Climate change migration occurs in the context of the development model emerged from the capitalist system. On the one hand, this model enables states and transnational corporations to overexploit natural resources degrading the environment and forcing people and families to emigrate.

Megaprojects approved by governments, which use basic soil resources and destroy local fauna and flora (such as large-scale mining projects and hydroelectric dams), are clear examples of this process. As a product of climate change, therefore, different parts of the planet are becoming population expelling places due to the growing scarcity of regular supplies of food and water, as well as the increase in the frequency and severity of floods and storms or, in the contrary, of desertification and drought. On the other hand, the capitalist development model is benefited by the overexploitation of migrant labor force. Although this situation of overexploitation is shared by economic migrants, those whom we consider as “climatic migrants” are a product of the degradation of the planet that forces them to look for other places to live. Among the main environmental causes that determine migration are: climate change (desertification, deforestation, land degradation, water or flood contamination, hurricanes) and natural phenomena not attributable to climate change (eruptions of volcanoes, earthquakes) and disasters generated by man (industrial accidents, radioactivity, among others).
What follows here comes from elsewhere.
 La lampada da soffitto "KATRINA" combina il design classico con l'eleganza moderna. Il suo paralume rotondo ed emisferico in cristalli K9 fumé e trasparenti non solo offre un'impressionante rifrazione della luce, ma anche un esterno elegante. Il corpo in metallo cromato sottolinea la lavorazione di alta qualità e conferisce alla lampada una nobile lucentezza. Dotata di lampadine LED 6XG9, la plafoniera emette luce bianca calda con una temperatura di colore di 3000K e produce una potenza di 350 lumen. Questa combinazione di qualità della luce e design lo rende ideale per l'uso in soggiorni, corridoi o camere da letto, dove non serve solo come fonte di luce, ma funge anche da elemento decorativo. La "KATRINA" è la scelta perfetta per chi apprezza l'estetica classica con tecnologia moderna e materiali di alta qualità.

Both situations imply violations of the human rights of migrants and the worsening of inequality and impoverishment, especially in the countries of the south, whose inhabitants are forced to move having dramatic impacts on their environment as well as in the places of arrival, and so closing a perverse circle of vulnerability of rights.

First, the right of people and of villages not to migrate and to stay in their territory is being violated since the degradation of their territories is generating depopulation, particularly of rural communities, in which occasionally only the elderly remain. Second, in the cities, those who emigrated occupy positions with low wages and in conditions of exploitation, violating their rights to decent work, aggravating poverty levels and, therefore, preventing access to other basic rights such as housing, health and education. Occasionally, this is driven by human trafficking networks that reduce them to merchandise status. Third, through the militarization of borders and the criminalization of migrants, mistreatment is institutionalized and high levels of discrimination are generated, which finally constitutes another obstacle to access all their rights. Fourth and last, the model of capitalist development that is forcing people to emigrate from their places due to climatic causes violates the basic right to free mobility.

For all the above, the WSMF must fight for an alternative form of socio-environmental geo or ecocentric development centered on a society-nature system, instead of the form of anthropocentric development that is leading the planet to a great environmental and civil disaster. If the environmental dimension of migrations does not include a priority importance directly linked to the poverty of the most vulnerable people who are farmers and indigenous people, migratory displacement will continue to increase.

The socio-environmental resistance must be territorial and interterritorial in each space in defense of water, territory and cultures, to reduce migration and improve the quality of life. The WSFM is an autonomous organizational space of self-managed governance in networks of networks to revert the current neoliberal model from the organized peoples in defense of their natural assets and cultures in each space and between them.